Exercise: Please produce a character-exact copy of the listing that follows, omitting all images.

Dataset excerpt:

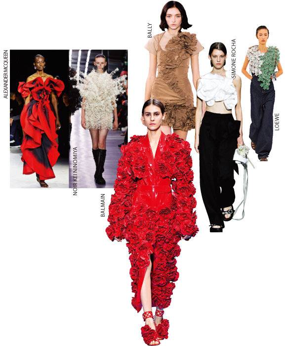 2024 S/S 시즌 디자이너의 로망은 꽃으로 피어나 런웨이에서 만개했다. 커다란 장미, 사랑스러운 풀꽃을 전신에 두르고 등장한 모델은 마치 봄의 신호탄처럼 느껴진다. '봄’ 하면 파스텔컬러라는 패션 공식을 정면으로 반박한 알렉산더맥퀸과 발망은 시선을 압도하는 레드 컬러 드레스로 시즌의 정체성을 확고하게 드러냈다. 느와케이니노미야와 로에베는 금속 장식 플라워 룩으로 아방가르드한 매력을 뽐냈다. 상의에 포인트를 준 시몬로샤는 리얼웨이에서도 충분히 적용할 수 있는 스타일을 선보여 눈길을 끈다.
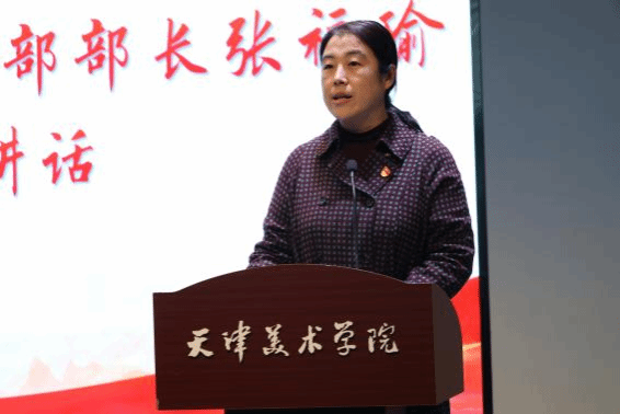 马克思主义学院中国近代史纲要课程教研室主任刘晓佳紧密围绕学校专业特点,将党史学习与美术创作有机融合,带领同学们从不同时期党史题材的美术经典作品出发感悟精神力量,阐释了红色美术作品如何发挥党史学习教育价值以及如何创作党史题材美术作品的相关问题,并鼓励同学们用好红色资源,传承红色基因,以手中画笔描绘出无愧于时代、无愧于人民、彰显天美精神的青春篇章。
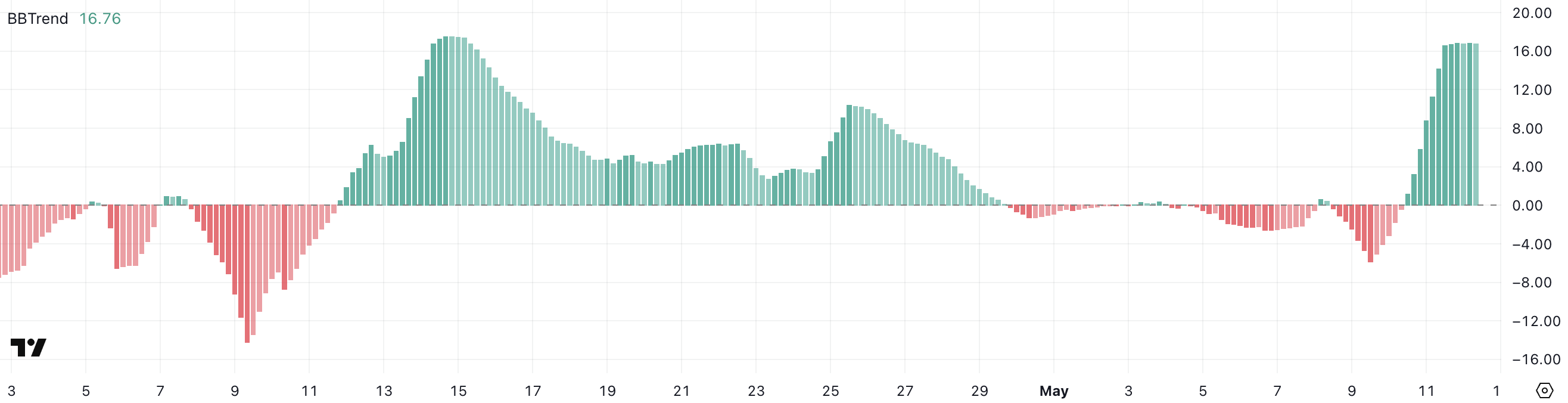 BBTrend соңғы бірнеше сағат ішінде 16,7 деңгейінде тұрақтанды, бұл күшті бұқа импульсінің қазір консолидациялануы мүмкін екенін көрсетеді.
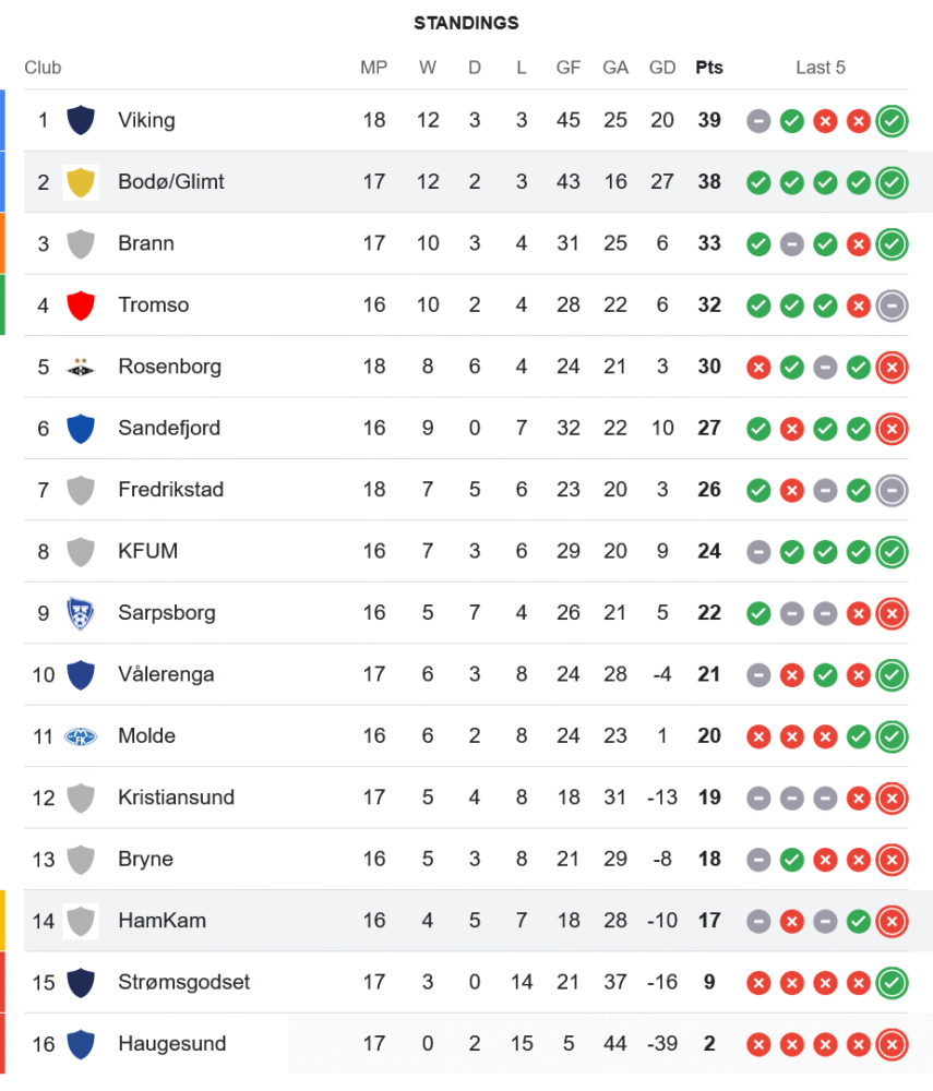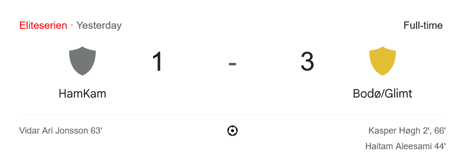 หลังคว้าชัยในเกมนี้ โบโด กลิมท์ เก็บเพิ่มเป็น 38 คะแนนจาก 17 นัด แซงหน้า Viking ขึ้นไปนั่งจ่าฝูงอีกครั้ง โดยทิ้งห่าง 1 แต้ม ส่วน ฮามคาม พ่ายคาบ้านและยังคงอยู่ที่ อันดับ 14 ด้วย 17 คะแนนจาก 16 นัด อยู่ในโซนอันตรายแบบเต็มตัว และต้องเร่งเครื่องเพื่อหนีการตกชั้นในนัดต่อ ๆ ไป

Reply:
 2024 S/S 시즌 디자이너의 로망은 꽃으로 피어나 런웨이에서 만개했다. 커다란 장미, 사랑스러운 풀꽃을 전신에 두르고 등장한 모델은 마치 봄의 신호탄처럼 느껴진다. '봄’ 하면 파스텔컬러라는 패션 공식을 정면으로 반박한 알렉산더맥퀸과 발망은 시선을 압도하는 레드 컬러 드레스로 시즌의 정체성을 확고하게 드러냈다. 느와케이니노미야와 로에베는 금속 장식 플라워 룩으로 아방가르드한 매력을 뽐냈다. 상의에 포인트를 준 시몬로샤는 리얼웨이에서도 충분히 적용할 수 있는 스타일을 선보여 눈길을 끈다.
 马克思主义学院中国近代史纲要课程教研室主任刘晓佳紧密围绕学校专业特点,将党史学习与美术创作有机融合,带领同学们从不同时期党史题材的美术经典作品出发感悟精神力量,阐释了红色美术作品如何发挥党史学习教育价值以及如何创作党史题材美术作品的相关问题,并鼓励同学们用好红色资源,传承红色基因,以手中画笔描绘出无愧于时代、无愧于人民、彰显天美精神的青春篇章。
 BBTrend соңғы бірнеше сағат ішінде 16,7 деңгейінде тұрақтанды, бұл күшті бұқа импульсінің қазір консолидациялануы мүмкін екенін көрсетеді.
 หลังคว้าชัยในเกมนี้ โบโด กลิมท์ เก็บเพิ่มเป็น 38 คะแนนจาก 17 นัด แซงหน้า Viking ขึ้นไปนั่งจ่าฝูงอีกครั้ง โดยทิ้งห่าง 1 แต้ม ส่วน ฮามคาม พ่ายคาบ้านและยังคงอยู่ที่ อันดับ 14 ด้วย 17 คะแนนจาก 16 นัด อยู่ในโซนอันตรายแบบเต็มตัว และต้องเร่งเครื่องเพื่อหนีการตกชั้นในนัดต่อ ๆ ไป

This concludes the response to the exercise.